Since in the real world, all naturally occurring signals are analog signals, and all that are read and processed in actual engineering are digital signals. There is a process of mutual conversion between natural and industrial signals (digital-to-analog conversion: DAC, analog-to-digital conversion: ADC). The purpose of this experiment is twofold:
- Learning the theory of AD conversion
- Read the value of AD acquisition from PCF8591, and convert the value obtained into actual value, display it with segment decoders
- Perform analog-to-digital conversion using the ADC port of the chip and display the collected voltage value through the segment decoders.
- Board downloading verification for comparison
- Introduction to PCF8591: The PCF8591 uses the IIC bus protocol to communicate with the controller (FPGA). Please refer to the previous experiment for the contents of the IIC bus protocol. The first four bits of the device address are 1001, and the last three bits are determined by the actual circuit connection (here the circuit is grounded, so the device address is 7’b1001000). The LSB is the read/write control signal. After sending the device address information and the read/write control word are done, the control word information is sent. The specific control word information is shown in Figure 12. 1.

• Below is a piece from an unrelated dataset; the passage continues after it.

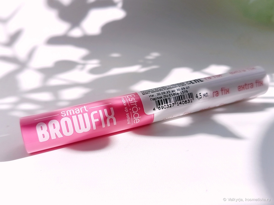 Приветствую! Для офорления бровей я перепробовала все — от когда-то нашумевшего мыла до цветных восковых тушей. Я не стремлюсь к цвету на бровях, уже давно практически их не подкрашиваю, но несмотря на беспроблемность волосков, я люблю когда всё точно в порядке. И остановилась на прозрачных гелях для бровей. Сегодня хочу рассказать про свой любимый гель с железобетонной стойкостью… Тот, который я повторяю уже 4 или 5 раз. Полное наименование: гель для бровей Estrade Smart BrowfixСтоимость: до 250 рублей, в последний раз взяла его за 170 руб. Объём: 4,5 млПроизводство: Россия Про упаковку рассказывать долго не буду. Скажу лишь, что она симпатичная и надежная… Уж сколько раз этот гель летал у меня с большой высоты, в том числе и на кафельный пол — не пересчитать, но ни разу корпус не треснул. Два информационных стикера служат защитой первого вскрытия. Я на нём только на сроки годности внимание обращаю. Ограничитель справляется со своей задачей сносно. Первые разы, конечно, набирается сли

Fig 12. 1 PCF8591 address byte
Here, the experiment uses the DIP switch (SW1, SW0) input channel as the AD acquisition input channel. Configure the control information as (8’h40). For more details, refer to the datasheet of PCF8591.

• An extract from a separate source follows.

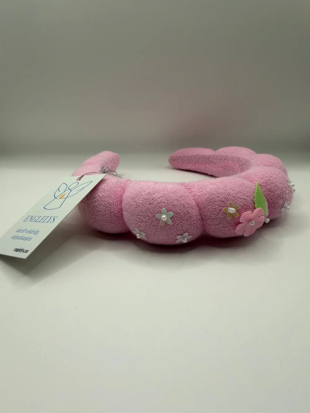 Mykt rosa hårbånd med fine blomsterdetaljer. Du kan velge denne belønningen som takk for ditt bidrag til innsamlingen for barna ❤️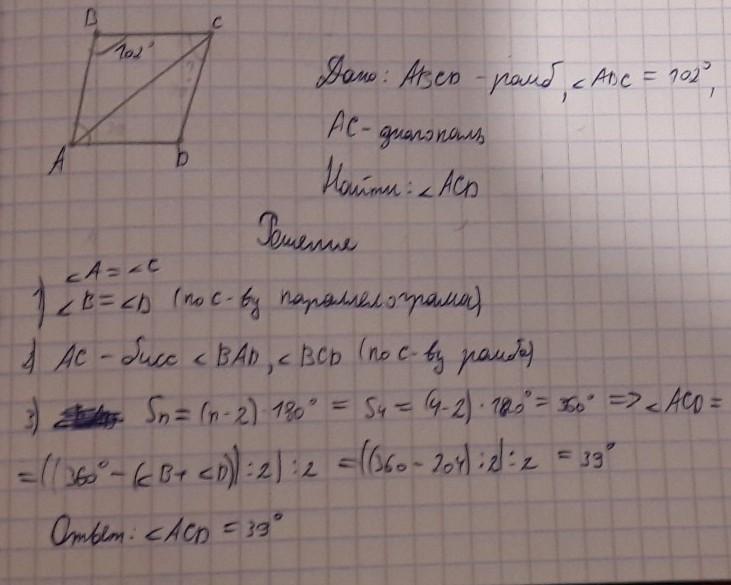 В ромбе противоположные углы равны, следовательно АBC=ADC=102°

|SW1，SW0||Channel Selection||Collection Object|
|00||0||Photosensitive Resistor Voltage Value|
|01||1||Thermistor Voltage Value|
|10||2||Adjustable Voltage Value|
- Program design and review the top-down design method used before.
- The top-level entity is divided into three parts: the segment decoder driver part, the AD sampling part of the PCF and the IIC serial port driver part.
- Refer to the project file adda_test for the program part.
|Signal Name||Port Description||Network Label||FPGA Pin|
|clk||System clock 50MHz||C10_50MCLK||91|
|rst||Reset, default value is low||KEY3||11|
|sm_db||Segment decoder seg a||SEG_PA||132|
|sm_db ||Segment decoder seg b||SEG_PB||137|
|sm_db ||Segment decoder seg c||SEG_PC||133|
|sm_db ||Segment decoder seg d||SEG_PD||125|
|sm_db ||Segment decoder seg e||SEG_PE||126|
|sm_db ||Segment decoder seg f||SEG_PF||138|
|sm_db ||Segment decoder seg g||SEG_PG||135|
|sm_db ||Segment decoder seg h||SEG_DP||128|
|data||DIP switch input||SW0||80|
|data||DIP switch input||SW1||83|
|data||DIP switch input||SW2||86|
|data||DIP switch input||SW3||87|
|data||DIP switch input||SW4||74|
|data||DIP switch input||SW5||75|
|data||DIP switch input||SW6||76|
|data||DIP switch input||SW7||77|
|scl||PCF8591 clock line||ADDA_I2C_SCL||53|
|sda||PCF8591 data line||ADDA_I2C_SDA||52|
|sel||Segment decoder position selection||SEG_3V3_D0||124|
|sel||Segment decoder position selection||SEG_3V3_D1||127|
|sel||Segment decoder position selection||SEG_3V3_D2||129|
|sel||Segment decoder position selection||SEG_3V3_D3||141|
|sel||Segment decoder position selection||SEG_3V3_D4||142|
|sel||Segment decoder position selection||SEG_3V3_D5||136|
Note: The six segment decoders are reversed in order due to actual observations.